When they are made to do so, it leads to nonsense.


>>That could be valid in a universe in which the Outsider for some reason
>>chooses always to send visions by way of minor neurological catastrophes.
>>However I don't think we have any evidence to suppose this is the case in
>>BotLS.  If it isn't, Crane is wrong about both cause and event.
>
> You are missing the point. What you (and Dr. Crane) call a "minor 
> neurological
> catastrophe" might be a major re-routing which leads to exponential new
> awareness and insight. Why do you feel compelled to choose one result or 
> another
> when it can be both, simultaneously?

The point you're not getting is that Crane has not examined Silk's brain. 
He is pointing out that mini-strokes in a certain area of the brain can 
cause religious experiences.  He is postulating a cause for Silk's 
experience, and he is (at least by my reading)  incorrect.  And unless the 
Outsider always chooses to enlighten by way of such means (which is possible 
but not demonstrated) he is wrong in his implicit prediction that if he were 
to examine Silk's brain he would find evidence of a burst artery in the 
correct location.


> (FWIW, I'm sure you are aware that the brain capacity for Neanderthals was 
> greater than it is for
> modern H. sapiens.

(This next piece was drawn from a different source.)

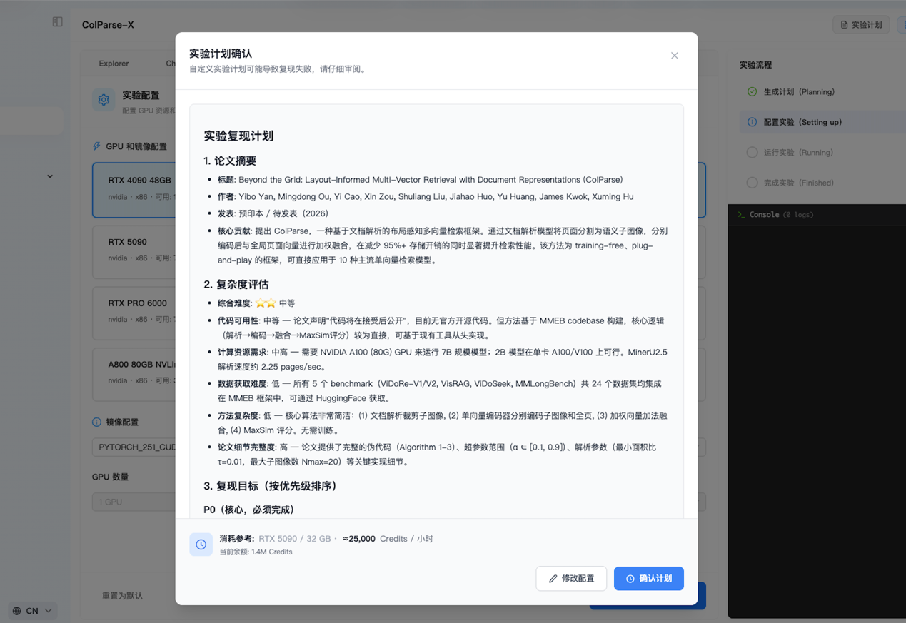 切问学术此次升级的核心——“全自动实验设计与执行”功能,具体而言是可以帮助科研人员在上传一篇论文后,完成从实验方式拆解、实验执行及实验结果复现的全流程。第一步:理解。 全自动解析论文的实验方法、实验逻辑,提取核心任务与算法。第二步:搭建。 自动匹配算力资源,搭建适用于该论文的计算机实验环境。第三步:执行。 真实编写代码并运行,自我修复可能出现的报错。第四步:报告。 最终形成完整的实验报告。据了解,切问学术在学术实验复现完成度上可实现90%以上的成功率。

Sometimes less is more. Sometimes turning portions of 
> the brain off can produce
> greater clarity than leaving them all on ;- ))

This is speculation on my part, but it may be that the influx of Neanderthal 
genes is in part responsible for the variations in average brain size 
between modern human populations, which correlate to some extent with 
measures of intelligence.

There's no reason to believe that the larger brain size of Neanderthals was 
a disadvantage to them; some factors must have brought about their 
extinction, but large brains on the face of it are not the most probable. 
Conversely, it may be that Homo sapiens found some way to improve the 
efficiency of smaller brains, so we don't know which species was more 
intelligent - even by Homo sapiens standards, which may be biased.